L’article se penche sur les deux grandes tendances que constituent la réforme financière – en particulier la libéralisation du compte de capital – et le processus d’endettement, et tire un certain nombre de conclusions pour les décideurs chinois. La conclusion la plus importante est que l’endettement pourrait en réalité représenter un énorme obstacle à la libéralisation du compte de capital et même (si la marche de la libéralisation n’était pas freinée) représenter un coût majeur pour l’économie chinoise. En d’autres termes, les processus de réformes financières et d’endettement peuvent être perçus comme deux trains circulant en sens inverse l’un de l’autre et qui ne manqueront pas d’entrer en collision si aucun ne s’écarte de sa trajectoire.
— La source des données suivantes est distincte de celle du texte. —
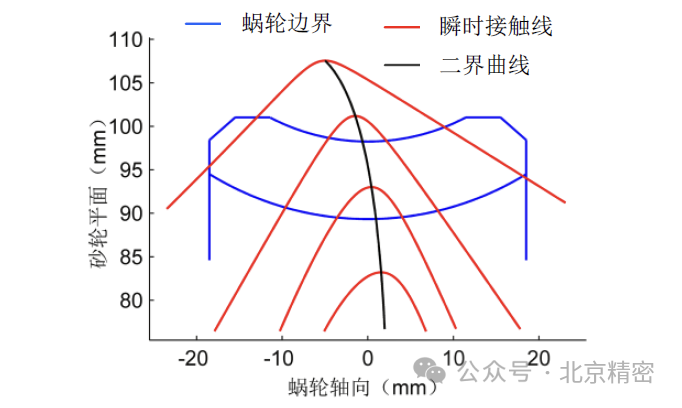 在20世紀90年代以前,評價平面二次包絡(luò)環(huán)面蝸桿傳動宏觀接觸狀態(tài)的瞬時接觸線、齒面接觸區(qū)域、各類界限曲線和評價微觀嚙合性能的誘導(dǎo)法曲率半徑系數(shù)、相對卷吸速度、潤滑角的計算都已經(jīng)非常成熟。以中心距為125mm,傳動比為40的未修形平面二次包絡(luò)環(huán)面蝸桿傳動為例,平面二次包絡(luò)蝸輪齒面上瞬時接觸線的分布如圖1所示。齒面存在接觸線交叉區(qū),該區(qū)域接觸頻率較高,容易發(fā)生疲勞點蝕,是蝸輪齒面最薄弱的地方。

L’article s’organise comme suit. Tout d’abord, la première partie dresse un panorama du niveau de libéralisation financière. Puis la deuxième partie se penche sur les étapes à venir et les conséquences potentielles pour la Chine en termes d’entrées et de sorties de capitaux. La troisième partie étudie l’autre aspect de la question, l’endettement de la Chine, en passant en revue les principaux facteurs à l’origine de ce processus. La quatrième partie examine les raisons pour lesquelles le processus d’endettement de la Chine pourrait poser un problème important, en particulier dans un contexte d’efforts renouvelés en matière de libéralisation financière. Finalement, l’article propose des solutions pour éviter la collision potentielle de ces deux trains, qui pourrait être néfaste à l’économie chinoise dans le cadre de son processus de transformation.

Dans quelle mesure la Chine a-t-elle libéralisé son système financier et quelles sont les prochaines étapes ?

Après un démarrage plutôt lent en 2005, lorsque le RMB a été réévalué – bien que très légèrement – et que le corridor de taux d’intérêt a été partiellement libéralisé, la réforme financière a reçu une nouvelle impulsion en 2012, impulsion accentuée avec l’entrée en fonction de la nouvelle administration, dirigée par Xi Jinping, en mars 2013.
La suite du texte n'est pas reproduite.